Introduction to Magnetic Balance Differential Protection Relay
The motor magnetic balance differential protection relay is an internal fault protection device used for medium- and high-voltage motors, detecting winding faults by comparing the current difference between the motor’s input and neutral terminals.
Working Principle of Magnetic Balance Differential Protection
Basic Principle: Uses CTs (current transformers) installed at both ends of the motor to measure current and compare vector sums.
Normal operation: I 1 +I 2 ≈0 (magnetic flux balance)

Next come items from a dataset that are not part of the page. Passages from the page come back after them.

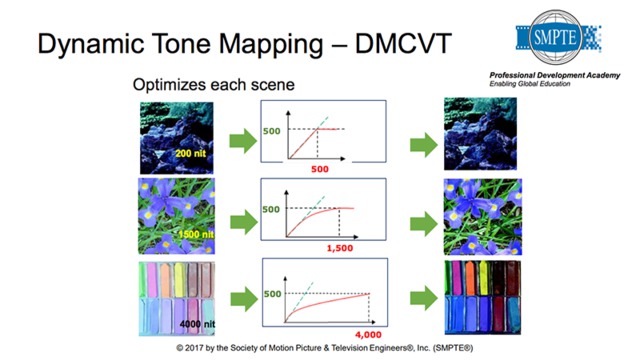 この問題を解決するのが、フレームごと、あるいはシーンごとにMax CLLデータをメタ情報として記録する、ダイナミックメタデータ(動的メタデータ)という考え方だ。ドルビービジョンは当初からダイナミックメタデータを特徴としており、シーン、あるいはフレームごとに輝度レベルが調整される。これによって、どのような映像でも制作者の意図通りに映像を再現できるとアピールしている。
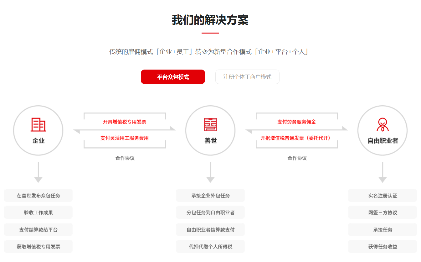 (3)企业通过善世灵活用工服务平台和个体工商户的合作,减少社保、降低个税风险。灵活用工降低社保入税影响,目前对于个人成立的个体工商户的方式解决个税和社保的问题,个税以地区核定征收,可享受10%或更低的税率优惠,社保则可按照灵活就业缴纳。
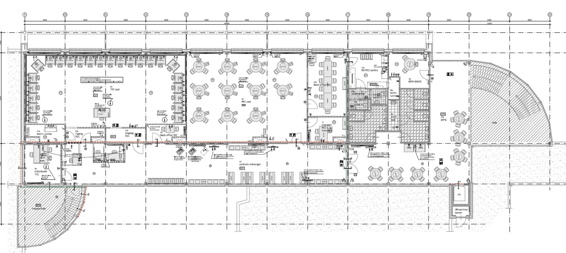 entree op de begane grondkabelgoten met elektra- en databekabeling*
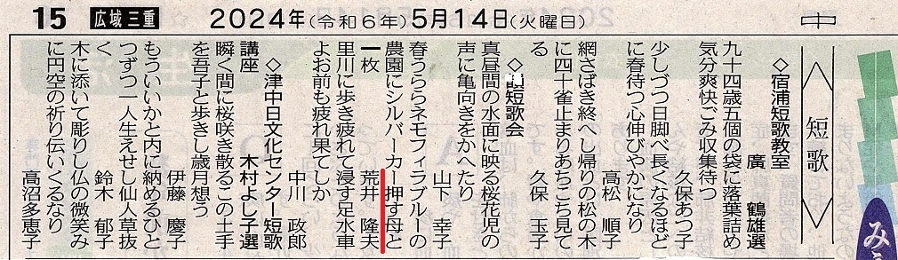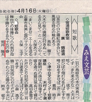新聞掲載第5号(2024年4月24日短歌会 )
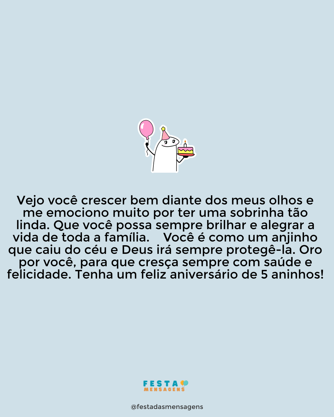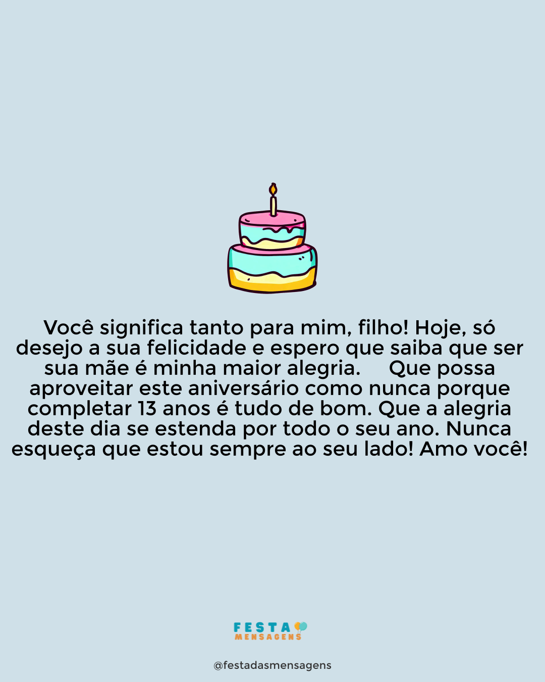 Hoje é o dia da minha princesa, da minha amada filha e da maior razão da minha alegria. Você está completando 13 anos de vida e eu transbordo emoção neste momento especial. Você em enche de orgulho, filha. Ver você crescer é minha maior alegria e a sua felicidade é minha missão. Estarei sempre ao seu lado para fazer tudo que está ao meu alcance para vê-la feliz. Aproveite este dia como nunca. Curta cada sorriso, cada abraço, cada presente especial e acima de tudo, seja exatamente como você é, porque é uma menina incrível! Feliz aniversário!
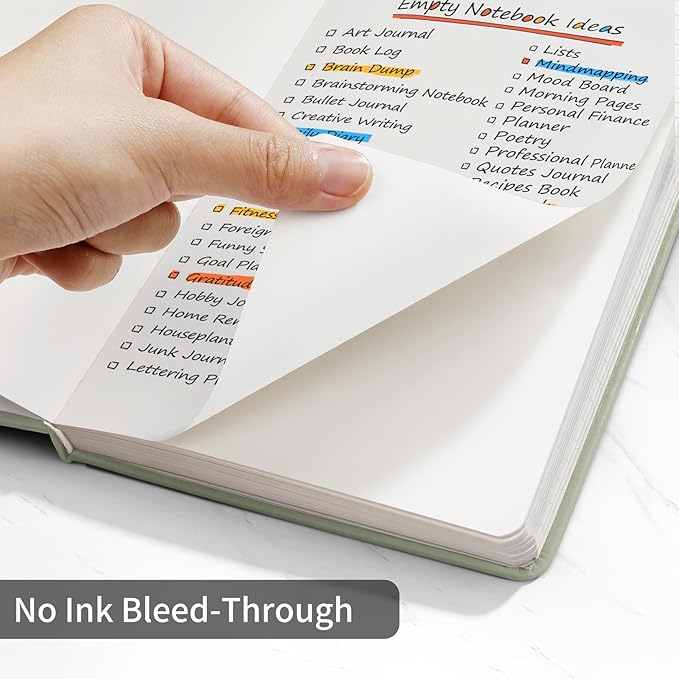 - Multifunctional Cover: The hard cover is made of vegan leather, and designed with a pen loop, an elastic band, two ribbon page markers, an expandable inner pocket.
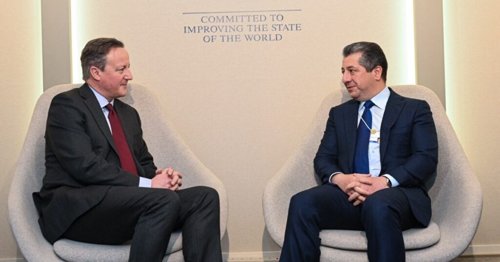 ئەمڕۆ پێنجشەممە 18ی 1ی 2024، مەسرور بارزانی، سەرۆکی حکوومەتی هەرێمی کوردستان، لە داڤۆس، لەگەڵ دەیڤد کامیرۆن، وەزیری دەرەوەی به‌ریتانیا كۆ بووه‌وه‌.
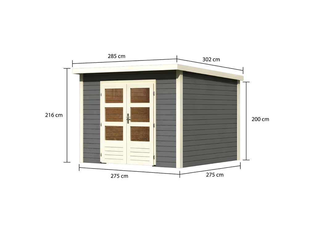 B x T x H: 285 x 302 x 216 cm, Sockelmaß Haus: B x T: 270 x 270 cm, inkl. Doppelflügeltür mit Lichtausschnitten
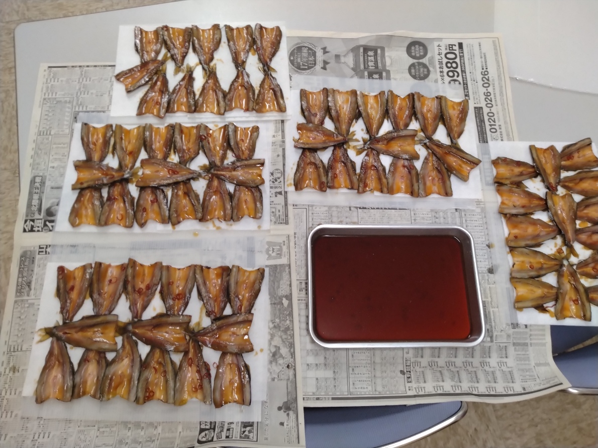 2024年シーズン、いきなり中流で3m近い増水その後も雨が続いて、白川アカ飛びもあり、川に人が入れる日は少ないです。今年から漁協のオトリ施設の管理もしているので、それもマジ初体験の初年度であるので、この大雨と川に人が入れない状況が続くのは、オトリ屋を17年しているとはいえ、読み切れませんでした。オトリ施設の能力も、試しながらの運転で、どれくらい日数が経過するとオトリがダメになるかデータがありません。解禁前13日に入荷した鮎は、12日ほど経過で傷んできました。私も正味2週間という意識はありましたが、鮎というデリケートな生き物を飼うことがいかに難しいか。水は井戸水ではあるが、水の成分にも個性があり、ピタリ鮎に適合しているかは分かりません。27日の出荷は、ダメになった鮎を選別しながらの作業になりました。数を読まなければいけないが、選別作業で数読みが揺さぶられる。選別も生き物なので裏表くまなくチェックが出来ないこともあります。作業は平常時の倍以上かかりました。雨は7月スタートでも1週間以上続く予報が並びます。釣り人は、雨が外れた日を狙い川へ出動するが、各オトリ店にオトリ鮎を配送し在庫を維持するのはかなり難しい作業と言えます。画像は、処分した鮎をみりん干しに加工。まだ1回目だからやる気はあります。これが続くと加工を継続する気持ちにはなれません。
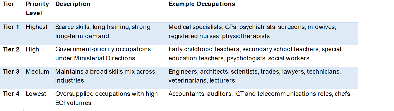 While the tier system is an internal planning tool, not legislation, it offers a practical view of how the Department prioritises occupations in the Skilled Independent program. Understanding this structure helps applicants and employers plan realistic pathways to permanent residency and make informed decisions about whether to pursue independent or employer-sponsored visas
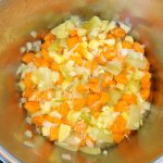 Verhit in een ruime pan 3 el. olie en bak de groenten aan. Laat 5 minuten bakken.
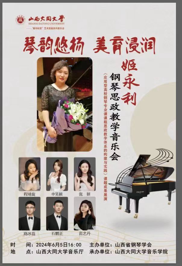 2024年6月5 日下午16:00,在山西大同大学音乐学院音乐厅成功举办了“琴韵悠扬 美育浸润—姬永利钢琴思政教学音乐会”。本次音乐会既是姬永利老师近几年钢琴思政教学的总结与汇报,又是她主持的教改课题《应用型高校钢琴专业课课程思政教学体系的构建与实践》的成果展演。音乐会演奏形式丰富多样,有钢琴独奏、钢琴伴奏、钢琴与器乐合奏、钢琴四手联弹、八手联弹等多种形式,涉及15首中外经典的音乐作品。音乐会不仅展示了同学们娴熟的专业演奏技能,还表现出他们对每首作品蕴藏的思想情感的深入理解和感悟。观众们深刻感受到了音乐的力量,在钢琴艺术的徜徉中,进行了深遂的精神洗礼,增强了文化自信,激发了他们强烈的民族认同感与爱国情怀。

Internal fault: I 1 +I 2 =I d (differential current)
Protection Algorithm:
Differential current: I d =∣I 1 +I 2 ∣
Restraint current: I r =(∣I 1 ∣+∣I 2 ∣)/2
Operation criterion: I d >I set and I d >k×I r (where k is the restraint coefficient, typically 0.3–0.5)
Application Scope of Magnetic Balance Differential Protection
Voltage level: 3 kV and above (medium/high-voltage motors)
Power range: Typically motors above 200 kW
Applications: Critical process motors in petrochemical, metallurgical, and power industries
Key Functions of Magnetic Balance Differential Protection Relay
High Sensitivity: Detects 5–10% inter-turn short circuits
Fast Operation: Typical response time of 20–50 ms
CT Saturation Resistance: Uses ratio restraint characteristics to prevent false trips
Optional Features:
Second harmonic restraint (prevents inrush current misoperation)
CT open-circuit detection
Differential current alarm
Practical Recommendations for Magnetic Balance Differential Protection
Relay Selection:
Choose dedicated motor differential protection relays (e.g., SEL-710, 7UT612)
CT matching: Use identical ratios with ≤5% error
Setting Calculation:
Starting current: I set =(0.2–0.5)I n (rated current)
Restraint coefficient: k=0.3–0.5
Sensitivity check: K sen ≥2
Field Testing:
Perform six-vector diagram tests to verify CT polarity
Load testing to ensure differential current <5% of rated value
Simulate internal/external faults to verify operation logic